** Data below follows **

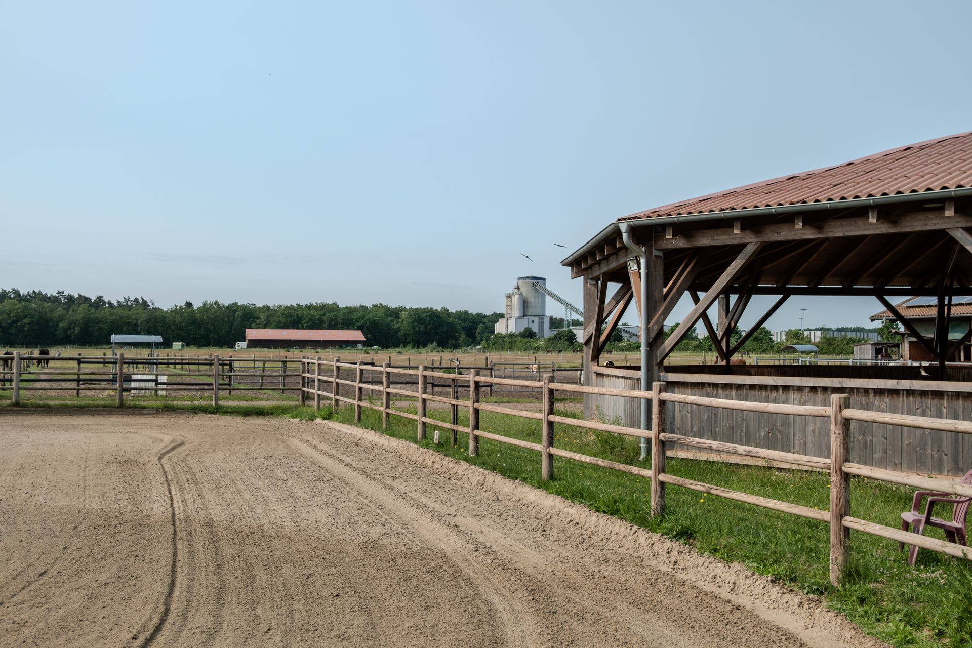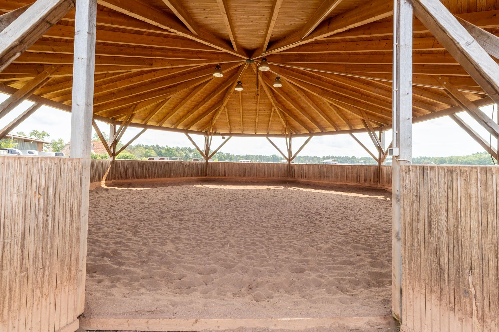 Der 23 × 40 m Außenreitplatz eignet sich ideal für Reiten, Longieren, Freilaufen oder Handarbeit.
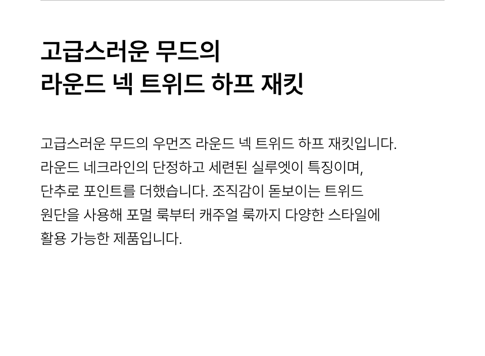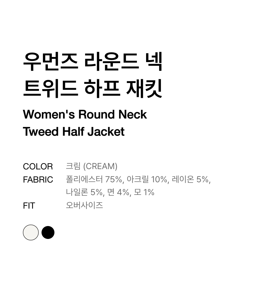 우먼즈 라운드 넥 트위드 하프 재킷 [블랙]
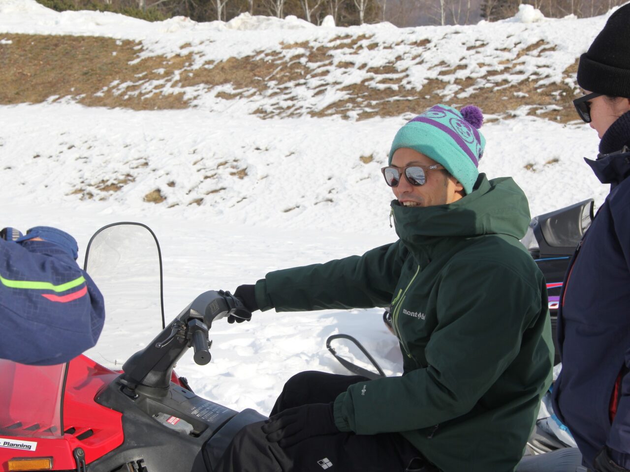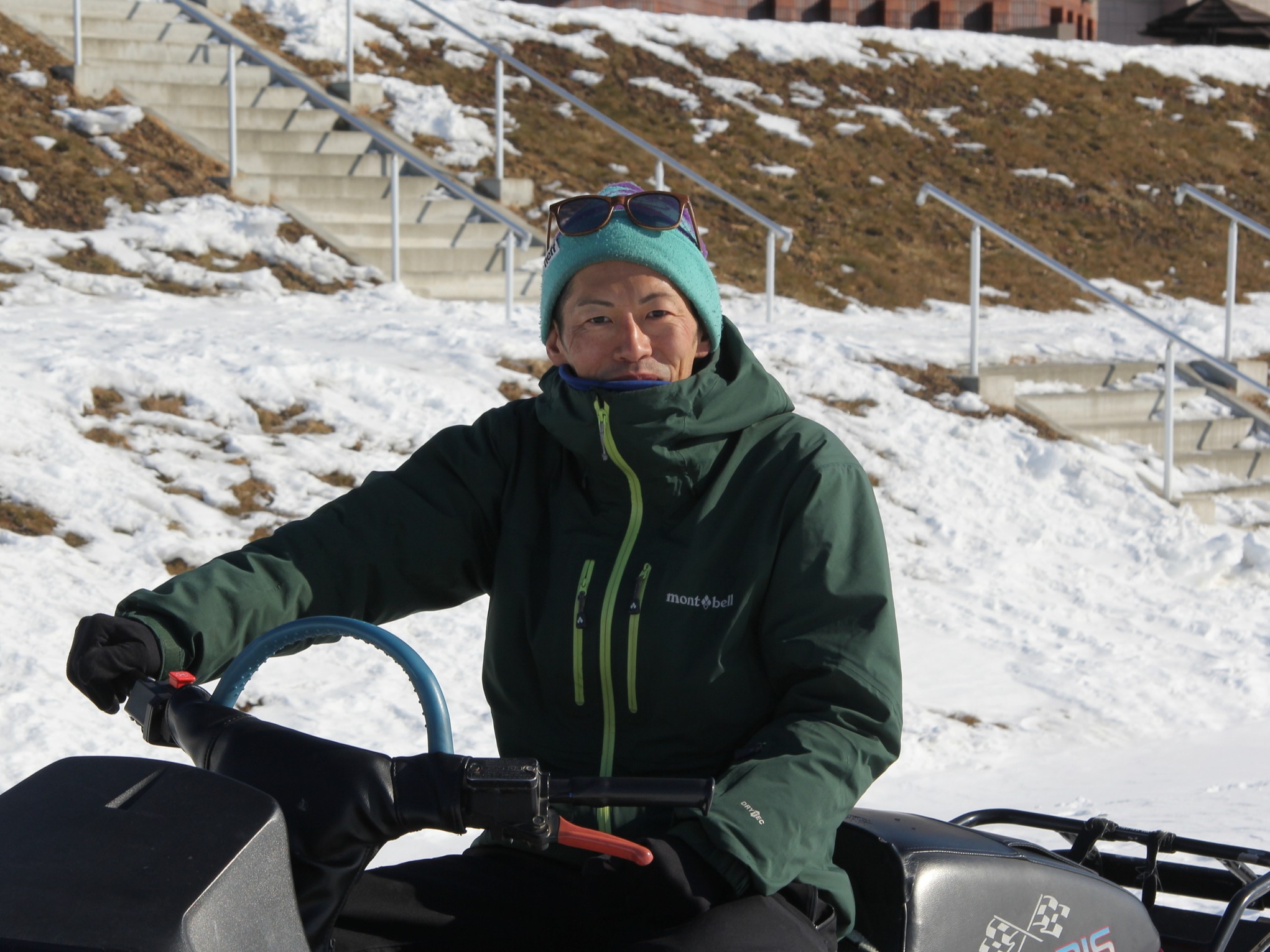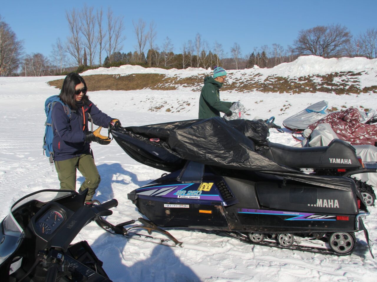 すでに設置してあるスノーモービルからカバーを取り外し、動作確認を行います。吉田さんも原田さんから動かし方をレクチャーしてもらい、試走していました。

** End of Data below **

» What to work on
Could you return the whole listing exactly, with every picture removed?

» Response to this exercise
 Der 23 × 40 m Außenreitplatz eignet sich ideal für Reiten, Longieren, Freilaufen oder Handarbeit.
 우먼즈 라운드 넥 트위드 하프 재킷 [블랙]
 すでに設置してあるスノーモービルからカバーを取り外し、動作確認を行います。吉田さんも原田さんから動かし方をレクチャーしてもらい、試走していました。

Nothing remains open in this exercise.